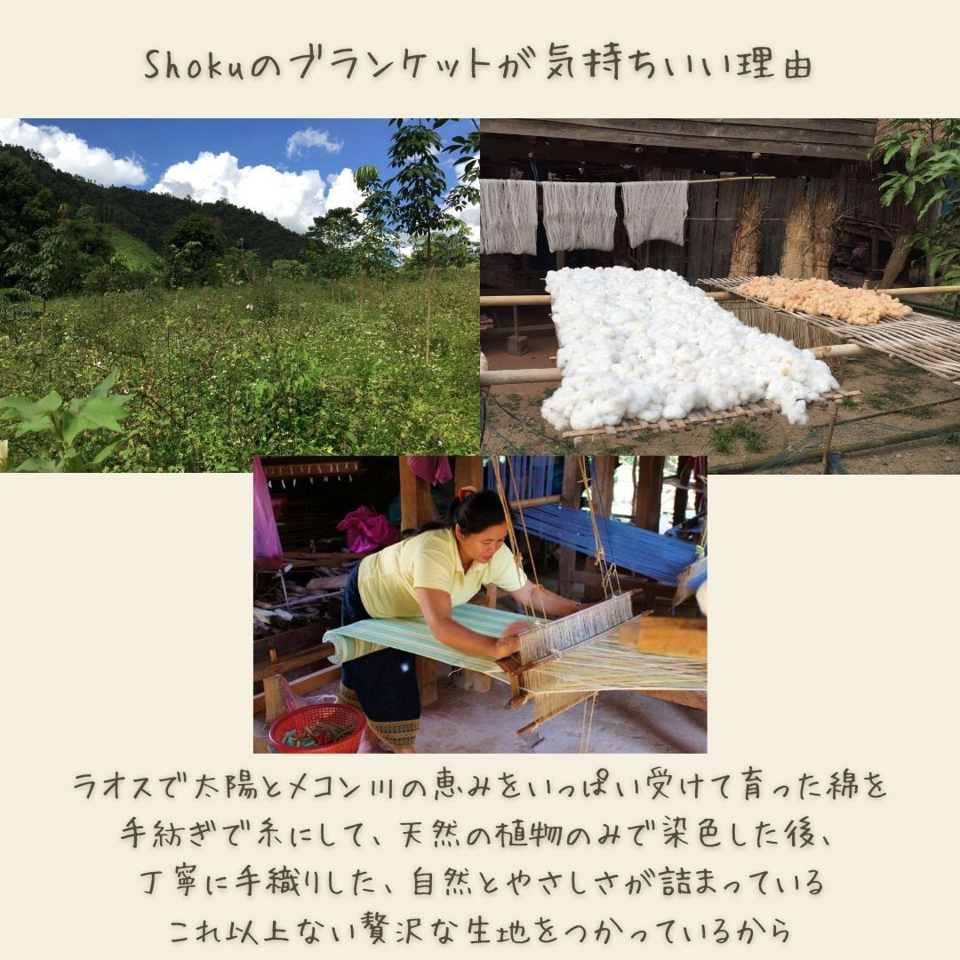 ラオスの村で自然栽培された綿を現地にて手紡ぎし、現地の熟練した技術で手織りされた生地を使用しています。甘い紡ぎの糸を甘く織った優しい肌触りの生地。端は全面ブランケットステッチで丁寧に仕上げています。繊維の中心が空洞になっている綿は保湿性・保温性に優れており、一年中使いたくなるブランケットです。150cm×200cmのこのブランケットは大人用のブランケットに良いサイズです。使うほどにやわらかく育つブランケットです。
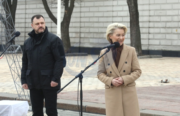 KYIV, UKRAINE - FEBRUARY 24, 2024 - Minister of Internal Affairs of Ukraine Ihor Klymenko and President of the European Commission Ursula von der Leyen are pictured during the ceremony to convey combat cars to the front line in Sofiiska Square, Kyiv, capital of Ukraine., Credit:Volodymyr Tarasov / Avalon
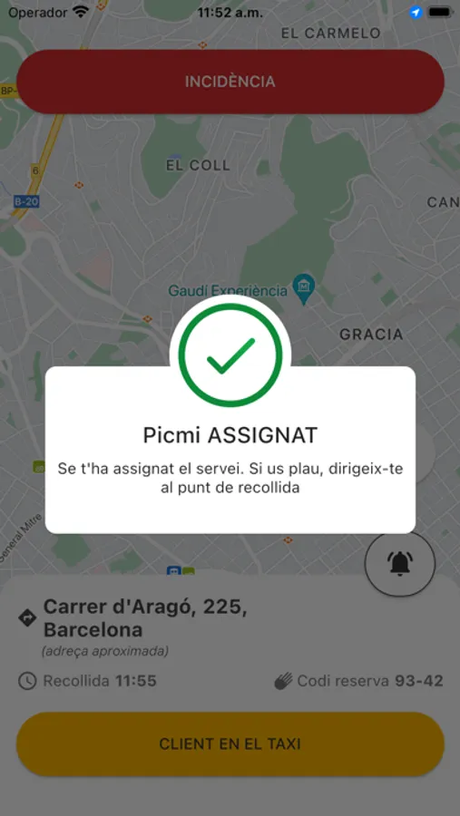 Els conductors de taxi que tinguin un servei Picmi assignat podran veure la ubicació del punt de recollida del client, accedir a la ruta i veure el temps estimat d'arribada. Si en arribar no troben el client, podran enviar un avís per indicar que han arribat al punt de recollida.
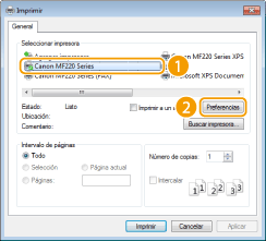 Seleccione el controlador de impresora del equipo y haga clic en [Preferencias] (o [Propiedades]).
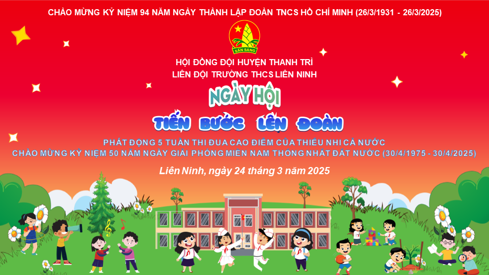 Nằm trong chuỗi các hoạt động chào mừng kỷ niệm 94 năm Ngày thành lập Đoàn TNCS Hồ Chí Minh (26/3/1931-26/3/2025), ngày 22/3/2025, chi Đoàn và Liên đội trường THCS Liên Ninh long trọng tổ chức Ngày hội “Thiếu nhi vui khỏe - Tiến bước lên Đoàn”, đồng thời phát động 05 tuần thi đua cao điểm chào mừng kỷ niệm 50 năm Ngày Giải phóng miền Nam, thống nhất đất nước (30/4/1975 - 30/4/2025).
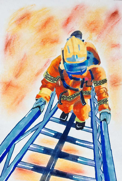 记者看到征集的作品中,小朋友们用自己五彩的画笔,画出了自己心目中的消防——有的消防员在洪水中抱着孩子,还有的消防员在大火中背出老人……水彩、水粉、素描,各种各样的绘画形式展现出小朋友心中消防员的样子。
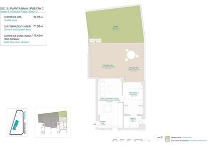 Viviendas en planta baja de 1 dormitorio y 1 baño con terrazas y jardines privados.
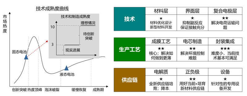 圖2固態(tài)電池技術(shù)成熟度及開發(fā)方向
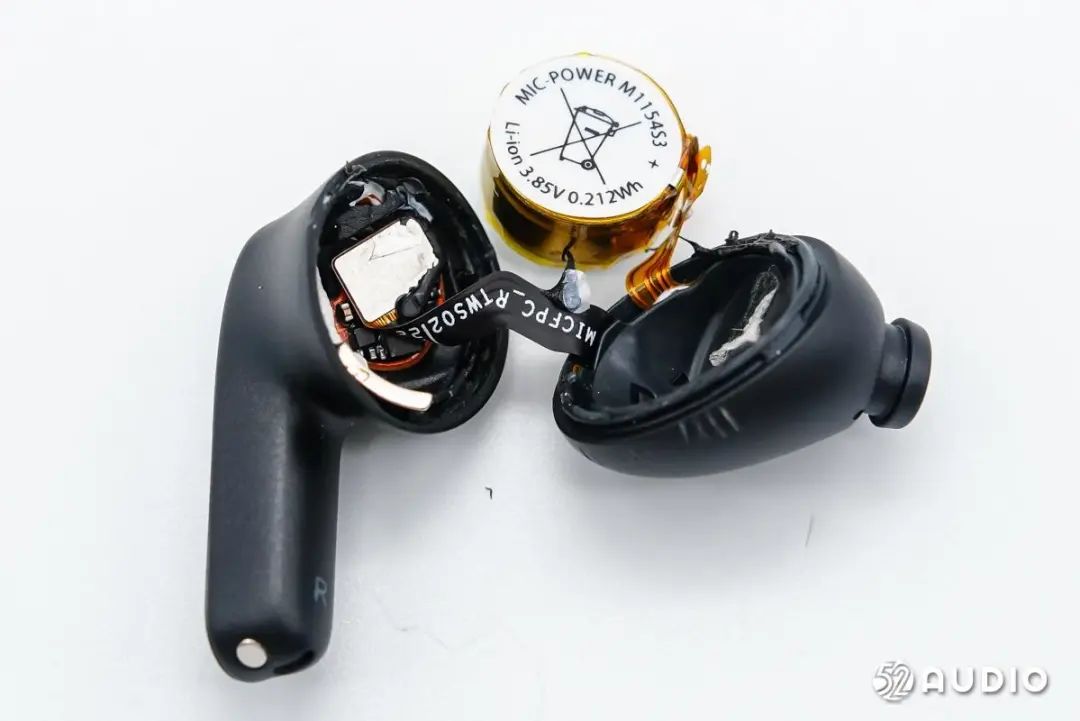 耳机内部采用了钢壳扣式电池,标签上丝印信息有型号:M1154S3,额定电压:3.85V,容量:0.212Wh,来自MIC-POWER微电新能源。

EXERCISE REQUIREMENTS → Repeat the lines above exactly, beginning with the one containing "Nằm trong chuỗi" and finishing with the one containing "记者看到征集的作品中,小朋友". No pictures belong in the copy.

FINAL ANSWER →
 Nằm trong chuỗi các hoạt động chào mừng kỷ niệm 94 năm Ngày thành lập Đoàn TNCS Hồ Chí Minh (26/3/1931-26/3/2025), ngày 22/3/2025, chi Đoàn và Liên đội trường THCS Liên Ninh long trọng tổ chức Ngày hội “Thiếu nhi vui khỏe - Tiến bước lên Đoàn”, đồng thời phát động 05 tuần thi đua cao điểm chào mừng kỷ niệm 50 năm Ngày Giải phóng miền Nam, thống nhất đất nước (30/4/1975 - 30/4/2025).
 记者看到征集的作品中,小朋友们用自己五彩的画笔,画出了自己心目中的消防——有的消防员在洪水中抱着孩子,还有的消防员在大火中背出老人……水彩、水粉、素描,各种各样的绘画形式展现出小朋友心中消防员的样子。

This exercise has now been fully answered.